The black areas "like" oil, and "reject" water (they are said to be oleophilic and hydrophobic). The white areas "like" water, and "reject" oil (they are said to be hydrophilic and oleophobic). Note further that oil itself is hydrophobic - it does not like water. And vice-versa - the stuff of classical metaphors.

The plate is wrapped around a revolving cylinder in the press. On each cycle of the press, the plate first passes a "station" in which is it offered water (called the "dampening" process). The white areas take on a thin coating of water, but the black areas do not, because of their respective appetites regarding water. The water has thus "amplified" the oil vs water preference of the plate surface - hydrophilia in the white areas leads to enhanced oleophobia there.

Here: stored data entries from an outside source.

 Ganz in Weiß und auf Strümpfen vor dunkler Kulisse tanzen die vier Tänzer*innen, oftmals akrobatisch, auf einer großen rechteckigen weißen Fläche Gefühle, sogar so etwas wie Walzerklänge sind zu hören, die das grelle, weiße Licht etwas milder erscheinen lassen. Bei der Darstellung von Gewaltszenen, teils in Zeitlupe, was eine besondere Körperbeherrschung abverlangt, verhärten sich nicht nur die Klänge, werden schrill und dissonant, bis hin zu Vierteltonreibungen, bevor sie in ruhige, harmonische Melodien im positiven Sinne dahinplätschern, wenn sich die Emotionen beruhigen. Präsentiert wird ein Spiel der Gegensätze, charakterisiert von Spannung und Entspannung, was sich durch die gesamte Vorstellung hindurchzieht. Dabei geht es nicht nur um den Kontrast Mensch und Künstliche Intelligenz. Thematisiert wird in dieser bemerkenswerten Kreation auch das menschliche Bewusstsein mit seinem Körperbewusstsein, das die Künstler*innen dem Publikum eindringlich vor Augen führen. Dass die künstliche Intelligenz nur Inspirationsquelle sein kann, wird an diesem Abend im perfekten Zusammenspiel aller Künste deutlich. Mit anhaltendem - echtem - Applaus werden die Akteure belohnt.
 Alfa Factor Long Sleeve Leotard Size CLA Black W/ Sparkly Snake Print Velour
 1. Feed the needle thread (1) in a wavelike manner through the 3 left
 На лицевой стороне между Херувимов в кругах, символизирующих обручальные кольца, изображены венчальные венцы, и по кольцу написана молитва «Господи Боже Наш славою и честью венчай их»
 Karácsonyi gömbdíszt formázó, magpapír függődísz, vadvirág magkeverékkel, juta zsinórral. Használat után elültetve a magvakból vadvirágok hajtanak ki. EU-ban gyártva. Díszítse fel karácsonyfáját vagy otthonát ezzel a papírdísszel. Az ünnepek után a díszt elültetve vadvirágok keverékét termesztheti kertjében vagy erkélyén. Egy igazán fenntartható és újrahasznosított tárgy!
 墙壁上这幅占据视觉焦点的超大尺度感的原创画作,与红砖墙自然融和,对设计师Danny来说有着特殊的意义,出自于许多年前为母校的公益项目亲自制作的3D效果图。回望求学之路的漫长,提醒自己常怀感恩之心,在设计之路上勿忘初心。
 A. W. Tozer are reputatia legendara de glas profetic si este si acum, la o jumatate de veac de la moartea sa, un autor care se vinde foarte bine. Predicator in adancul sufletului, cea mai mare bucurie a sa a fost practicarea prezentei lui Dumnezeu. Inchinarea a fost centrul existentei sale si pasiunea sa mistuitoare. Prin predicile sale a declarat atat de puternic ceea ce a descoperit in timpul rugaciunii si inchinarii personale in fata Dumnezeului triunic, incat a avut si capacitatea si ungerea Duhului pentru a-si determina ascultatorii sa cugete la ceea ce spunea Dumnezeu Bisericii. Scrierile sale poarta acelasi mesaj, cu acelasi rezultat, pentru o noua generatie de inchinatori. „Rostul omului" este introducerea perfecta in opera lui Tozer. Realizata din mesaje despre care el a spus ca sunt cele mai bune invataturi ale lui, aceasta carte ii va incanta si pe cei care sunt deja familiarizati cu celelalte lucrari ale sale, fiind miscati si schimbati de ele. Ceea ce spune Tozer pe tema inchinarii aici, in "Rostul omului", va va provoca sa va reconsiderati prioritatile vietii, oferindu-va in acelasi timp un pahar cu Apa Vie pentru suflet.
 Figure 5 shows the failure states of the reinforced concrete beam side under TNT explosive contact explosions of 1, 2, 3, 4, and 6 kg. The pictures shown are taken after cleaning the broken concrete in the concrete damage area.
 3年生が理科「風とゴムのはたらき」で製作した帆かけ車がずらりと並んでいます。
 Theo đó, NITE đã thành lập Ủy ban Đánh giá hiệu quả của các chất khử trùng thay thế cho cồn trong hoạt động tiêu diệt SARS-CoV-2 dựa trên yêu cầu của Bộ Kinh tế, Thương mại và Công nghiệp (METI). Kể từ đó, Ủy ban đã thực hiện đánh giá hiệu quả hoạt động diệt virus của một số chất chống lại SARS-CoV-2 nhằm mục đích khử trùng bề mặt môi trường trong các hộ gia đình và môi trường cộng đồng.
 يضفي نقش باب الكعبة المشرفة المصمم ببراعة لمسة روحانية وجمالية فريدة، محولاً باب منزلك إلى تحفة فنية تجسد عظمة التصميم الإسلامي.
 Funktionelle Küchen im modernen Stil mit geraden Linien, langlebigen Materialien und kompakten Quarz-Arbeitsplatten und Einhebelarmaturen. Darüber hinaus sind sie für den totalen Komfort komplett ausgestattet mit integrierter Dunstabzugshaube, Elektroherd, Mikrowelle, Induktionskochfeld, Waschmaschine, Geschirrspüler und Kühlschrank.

Next, the plate passes another station in which it is offered ink. The black areas take on a thin layer of ink; the white areas do not (not only because they are by nature oleophobic, but even more because they are now bearing water, the arch-oleophobe).

Next the plate is brought into contact with a rotating cylinder having a rubber-like coating (the "blanket"). The ink transfers to the blanket. The water is squeezed away in the process.

Then the paper stock is brought into contact with the blanket cylinder (squeezed against it by a metal "impression cylinder") and voilą - we have printed. It is the role of the blanket as intermediate carrier of the ink image that is responsible for the term "offset" in the name of this process. (In "classical" lithography - not used in modern printing "presses" - the ink goes directly from the "plate" to the paper.)

If the unit prints double-sided (as in the typical newspaper press), the paper is squeezed between two blanket cylinders (each carrying the image from a separate plate), and there is no impression cylinder.